◆ REQUIRED ACTION ◆
What is needed is an exact copy of all the data.

◇ ◇ ◇ ◇ ◇

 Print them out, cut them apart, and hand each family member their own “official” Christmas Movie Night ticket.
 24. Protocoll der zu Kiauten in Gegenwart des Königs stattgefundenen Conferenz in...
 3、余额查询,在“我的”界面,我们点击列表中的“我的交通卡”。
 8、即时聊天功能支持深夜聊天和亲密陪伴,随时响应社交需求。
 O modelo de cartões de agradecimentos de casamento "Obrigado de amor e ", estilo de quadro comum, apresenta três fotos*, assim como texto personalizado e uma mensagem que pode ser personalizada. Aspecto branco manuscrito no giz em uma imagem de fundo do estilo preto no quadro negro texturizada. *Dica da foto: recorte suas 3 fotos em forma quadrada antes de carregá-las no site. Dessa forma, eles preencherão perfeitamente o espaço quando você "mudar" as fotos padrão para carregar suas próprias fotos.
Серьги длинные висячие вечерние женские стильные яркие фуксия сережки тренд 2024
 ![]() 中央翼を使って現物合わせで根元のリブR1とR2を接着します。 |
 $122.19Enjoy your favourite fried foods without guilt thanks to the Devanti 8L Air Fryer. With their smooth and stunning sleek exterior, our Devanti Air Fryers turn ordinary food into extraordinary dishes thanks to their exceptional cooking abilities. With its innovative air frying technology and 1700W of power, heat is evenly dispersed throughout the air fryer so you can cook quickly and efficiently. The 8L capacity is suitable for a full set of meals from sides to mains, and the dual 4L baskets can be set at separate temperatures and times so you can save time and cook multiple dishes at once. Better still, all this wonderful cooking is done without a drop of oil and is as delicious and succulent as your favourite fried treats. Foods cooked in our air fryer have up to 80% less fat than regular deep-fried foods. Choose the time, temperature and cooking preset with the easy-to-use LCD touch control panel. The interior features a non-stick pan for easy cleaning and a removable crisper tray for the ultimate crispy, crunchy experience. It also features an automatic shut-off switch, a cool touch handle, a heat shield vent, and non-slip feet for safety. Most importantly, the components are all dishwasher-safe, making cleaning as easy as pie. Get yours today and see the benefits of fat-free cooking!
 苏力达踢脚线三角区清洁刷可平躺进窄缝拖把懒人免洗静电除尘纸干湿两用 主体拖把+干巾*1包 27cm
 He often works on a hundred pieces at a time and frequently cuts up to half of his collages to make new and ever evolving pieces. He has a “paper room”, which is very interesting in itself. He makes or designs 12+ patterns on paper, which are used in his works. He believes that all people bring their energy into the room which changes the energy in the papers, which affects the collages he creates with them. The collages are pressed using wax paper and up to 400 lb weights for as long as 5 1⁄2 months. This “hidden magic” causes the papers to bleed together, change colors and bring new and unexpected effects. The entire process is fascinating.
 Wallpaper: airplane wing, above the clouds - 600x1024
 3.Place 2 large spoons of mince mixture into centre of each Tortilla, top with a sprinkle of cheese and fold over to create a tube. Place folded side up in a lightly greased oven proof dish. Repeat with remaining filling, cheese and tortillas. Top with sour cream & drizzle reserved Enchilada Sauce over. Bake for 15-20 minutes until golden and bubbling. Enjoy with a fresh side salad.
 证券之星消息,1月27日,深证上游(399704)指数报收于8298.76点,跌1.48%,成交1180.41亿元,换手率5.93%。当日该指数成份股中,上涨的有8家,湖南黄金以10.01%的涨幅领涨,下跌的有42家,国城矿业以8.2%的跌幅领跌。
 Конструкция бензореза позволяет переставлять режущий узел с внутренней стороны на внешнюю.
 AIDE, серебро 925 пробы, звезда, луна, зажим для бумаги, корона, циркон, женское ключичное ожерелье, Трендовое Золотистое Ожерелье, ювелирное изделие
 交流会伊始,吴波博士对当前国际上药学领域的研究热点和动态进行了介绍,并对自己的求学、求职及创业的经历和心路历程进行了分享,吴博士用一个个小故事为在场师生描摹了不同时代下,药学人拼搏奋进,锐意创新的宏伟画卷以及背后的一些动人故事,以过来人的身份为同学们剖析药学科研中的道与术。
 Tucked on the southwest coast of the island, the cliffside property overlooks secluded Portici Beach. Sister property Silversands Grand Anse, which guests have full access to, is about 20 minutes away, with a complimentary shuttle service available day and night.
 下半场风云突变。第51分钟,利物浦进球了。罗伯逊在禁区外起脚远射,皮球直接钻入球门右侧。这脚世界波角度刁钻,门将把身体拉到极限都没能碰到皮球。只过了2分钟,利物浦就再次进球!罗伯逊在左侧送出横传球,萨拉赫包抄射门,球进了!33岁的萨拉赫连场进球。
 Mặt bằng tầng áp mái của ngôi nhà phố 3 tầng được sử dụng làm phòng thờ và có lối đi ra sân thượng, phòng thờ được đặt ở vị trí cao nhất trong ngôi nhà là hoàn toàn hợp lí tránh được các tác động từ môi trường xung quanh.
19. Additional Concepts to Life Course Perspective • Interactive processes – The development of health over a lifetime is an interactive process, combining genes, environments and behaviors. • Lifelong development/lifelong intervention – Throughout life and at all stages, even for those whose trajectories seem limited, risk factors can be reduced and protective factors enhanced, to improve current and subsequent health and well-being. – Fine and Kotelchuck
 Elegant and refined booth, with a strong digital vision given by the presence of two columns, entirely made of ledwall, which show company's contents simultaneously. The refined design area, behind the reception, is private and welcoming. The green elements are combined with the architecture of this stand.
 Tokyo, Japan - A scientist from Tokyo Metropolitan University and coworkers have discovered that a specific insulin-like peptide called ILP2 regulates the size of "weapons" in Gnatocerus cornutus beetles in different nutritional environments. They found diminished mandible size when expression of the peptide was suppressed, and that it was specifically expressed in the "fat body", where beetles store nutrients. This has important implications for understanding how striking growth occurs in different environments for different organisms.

◇ ◇ ◇ ◇ ◇

◆ SOLUTION ◆
 Print them out, cut them apart, and hand each family member their own “official” Christmas Movie Night ticket.
 24. Protocoll der zu Kiauten in Gegenwart des Königs stattgefundenen Conferenz in...
 3、余额查询,在“我的”界面,我们点击列表中的“我的交通卡”。
 8、即时聊天功能支持深夜聊天和亲密陪伴,随时响应社交需求。
 O modelo de cartões de agradecimentos de casamento "Obrigado de amor e ", estilo de quadro comum, apresenta três fotos*, assim como texto personalizado e uma mensagem que pode ser personalizada. Aspecto branco manuscrito no giz em uma imagem de fundo do estilo preto no quadro negro texturizada. *Dica da foto: recorte suas 3 fotos em forma quadrada antes de carregá-las no site. Dessa forma, eles preencherão perfeitamente o espaço quando você "mudar" as fotos padrão para carregar suas próprias fotos.
Серьги длинные висячие вечерние женские стильные яркие фуксия сережки тренд 2024
 ![]() 中央翼を使って現物合わせで根元のリブR1とR2を接着します。 |
 $122.19Enjoy your favourite fried foods without guilt thanks to the Devanti 8L Air Fryer. With their smooth and stunning sleek exterior, our Devanti Air Fryers turn ordinary food into extraordinary dishes thanks to their exceptional cooking abilities. With its innovative air frying technology and 1700W of power, heat is evenly dispersed throughout the air fryer so you can cook quickly and efficiently. The 8L capacity is suitable for a full set of meals from sides to mains, and the dual 4L baskets can be set at separate temperatures and times so you can save time and cook multiple dishes at once. Better still, all this wonderful cooking is done without a drop of oil and is as delicious and succulent as your favourite fried treats. Foods cooked in our air fryer have up to 80% less fat than regular deep-fried foods. Choose the time, temperature and cooking preset with the easy-to-use LCD touch control panel. The interior features a non-stick pan for easy cleaning and a removable crisper tray for the ultimate crispy, crunchy experience. It also features an automatic shut-off switch, a cool touch handle, a heat shield vent, and non-slip feet for safety. Most importantly, the components are all dishwasher-safe, making cleaning as easy as pie. Get yours today and see the benefits of fat-free cooking!
 苏力达踢脚线三角区清洁刷可平躺进窄缝拖把懒人免洗静电除尘纸干湿两用 主体拖把+干巾*1包 27cm
 He often works on a hundred pieces at a time and frequently cuts up to half of his collages to make new and ever evolving pieces. He has a “paper room”, which is very interesting in itself. He makes or designs 12+ patterns on paper, which are used in his works. He believes that all people bring their energy into the room which changes the energy in the papers, which affects the collages he creates with them. The collages are pressed using wax paper and up to 400 lb weights for as long as 5 1⁄2 months. This “hidden magic” causes the papers to bleed together, change colors and bring new and unexpected effects. The entire process is fascinating.
 Wallpaper: airplane wing, above the clouds - 600x1024
 3.Place 2 large spoons of mince mixture into centre of each Tortilla, top with a sprinkle of cheese and fold over to create a tube. Place folded side up in a lightly greased oven proof dish. Repeat with remaining filling, cheese and tortillas. Top with sour cream & drizzle reserved Enchilada Sauce over. Bake for 15-20 minutes until golden and bubbling. Enjoy with a fresh side salad.
 证券之星消息,1月27日,深证上游(399704)指数报收于8298.76点,跌1.48%,成交1180.41亿元,换手率5.93%。当日该指数成份股中,上涨的有8家,湖南黄金以10.01%的涨幅领涨,下跌的有42家,国城矿业以8.2%的跌幅领跌。
 Конструкция бензореза позволяет переставлять режущий узел с внутренней стороны на внешнюю.
 AIDE, серебро 925 пробы, звезда, луна, зажим для бумаги, корона, циркон, женское ключичное ожерелье, Трендовое Золотистое Ожерелье, ювелирное изделие
 交流会伊始,吴波博士对当前国际上药学领域的研究热点和动态进行了介绍,并对自己的求学、求职及创业的经历和心路历程进行了分享,吴博士用一个个小故事为在场师生描摹了不同时代下,药学人拼搏奋进,锐意创新的宏伟画卷以及背后的一些动人故事,以过来人的身份为同学们剖析药学科研中的道与术。
 Tucked on the southwest coast of the island, the cliffside property overlooks secluded Portici Beach. Sister property Silversands Grand Anse, which guests have full access to, is about 20 minutes away, with a complimentary shuttle service available day and night.
 下半场风云突变。第51分钟,利物浦进球了。罗伯逊在禁区外起脚远射,皮球直接钻入球门右侧。这脚世界波角度刁钻,门将把身体拉到极限都没能碰到皮球。只过了2分钟,利物浦就再次进球!罗伯逊在左侧送出横传球,萨拉赫包抄射门,球进了!33岁的萨拉赫连场进球。
 Mặt bằng tầng áp mái của ngôi nhà phố 3 tầng được sử dụng làm phòng thờ và có lối đi ra sân thượng, phòng thờ được đặt ở vị trí cao nhất trong ngôi nhà là hoàn toàn hợp lí tránh được các tác động từ môi trường xung quanh.
19. Additional Concepts to Life Course Perspective • Interactive processes – The development of health over a lifetime is an interactive process, combining genes, environments and behaviors. • Lifelong development/lifelong intervention – Throughout life and at all stages, even for those whose trajectories seem limited, risk factors can be reduced and protective factors enhanced, to improve current and subsequent health and well-being. – Fine and Kotelchuck
 Elegant and refined booth, with a strong digital vision given by the presence of two columns, entirely made of ledwall, which show company's contents simultaneously. The refined design area, behind the reception, is private and welcoming. The green elements are combined with the architecture of this stand.
 Tokyo, Japan - A scientist from Tokyo Metropolitan University and coworkers have discovered that a specific insulin-like peptide called ILP2 regulates the size of "weapons" in Gnatocerus cornutus beetles in different nutritional environments. They found diminished mandible size when expression of the peptide was suppressed, and that it was specifically expressed in the "fat body", where beetles store nutrients. This has important implications for understanding how striking growth occurs in different environments for different organisms.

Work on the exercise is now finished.